12. They try to make you feel as though they are always right, and you are wrong.  (gaslighting- he always told me that it was my anxiety, or it was all in my head. I was overexagerating everything I was feeling when he treated me wrong. So, I felt like my feelings were always invalid. I just trusted what I was told.)  
13. They accuse or blame you of things you know aren’t true. (basically read everything above.But, I eventually believed what he said was all true and I was just crazy)
14. They are intolerant of any seeming lack of respect. (My feelings were never accounted for. He always said that what I do doesn’t affect your feelings. For a part of that, I do believe that people are not responsible for other people’s emotions, but at the same time, he literally did not care how his actions or words affected me ever. There’s a difference between knowing where the line is and having no space to care about how you affect anyone at all, ever.)
15. They make excuses for their behavior, try to blame others, and have difficulty apologizing. (When I reported him for rape to my university, he blamed it on his mental illness, specifically ADHD and bipolar. But that’s only one of the instances.)
16. The repeatedly cross your boundaries and ignore your requests. (See above for the general idea of him not respecting my boundaries. I also told him that I don’t want to hear about anything sexual with your other partners and I don’t want to hear about your other partner’s personal lives, but I ended up seeing a nude picture of one, knowing very personal stories about each of them, and also realizing that they know almost every personal detail about me as well, even though I told him that I don’t want my information going to any of his partners.)
17.They resort to pouting or withdrawal to get attention or attain what they want.  (withdraw all the time)
 18. They don’t show you empathy or compassion. (he very rarely cared about my feelings. He did not compromise to help. Compromise is needed in a relationship)
19. They play the victim and try to deflect blame to you rather than taking personal responsibility. (He blamed him raping me on his mental illness, etc)
20. They disengage or use neglect or abandonment to punish or frighten you. (Again, he stopped talking to me if I was in a bad mood. Very rarely would he talk to me on bad moments. He also stranded me at the hospital once after he called the cops on me)
21. They don’t seem to notice or care about your feelings. (already covered this)
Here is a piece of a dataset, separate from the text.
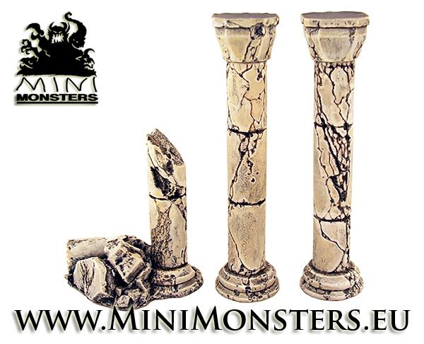Mini Monsters Ruined Columns - 3st - MM-29. Deze kit bevat 2 volledige gladde zuilen en een half verwoeste zuil.Â

With all that said, I know that I was completely unaware of the fact that i was being emotional abusive to him. I am not sure if he was aware he was being emotional abusive towards me. I have confronted him in the past about a few of the things in the list and he always said that he never meant to do certain things, but most of the things on the list, I have not confronted him with, so I’m not sure if he actually knows or realizes that he does some of those things. It’s not really conclusive if he was emotionally abusive on purpose, because I know I surely was not. I never meant to act that way or do those things above and it breaks my heart. I know that he has hurt me in so many ways, but I still don’t believe that he deserved what I did to him. No one deserves to hurt in these ways. I’m not really sure on how to move past this. I think writing this was the first step. I think I need to get back into counseling this fall. I won’t be able to go to counseling all year, but I will be able to go until decemeber, which is better than nothing. 
Even with coming to terms with some of this, it still never excuses anything. It will never excuse my behavior and it will never excuse his behavior. What we both did in the relationship was not okay. We had good times, along with the bad. Neither erase the other and neither condone the other. I just think that this is a lot of grey area and i’m not used to dealing or coping with grey area. I’ve lived with black and white thinking my entire life and now I have to learn to come to terms with things that aren’t as easy as definitive answers and conclusions. Life is messy and not everything fits in nice little boxes.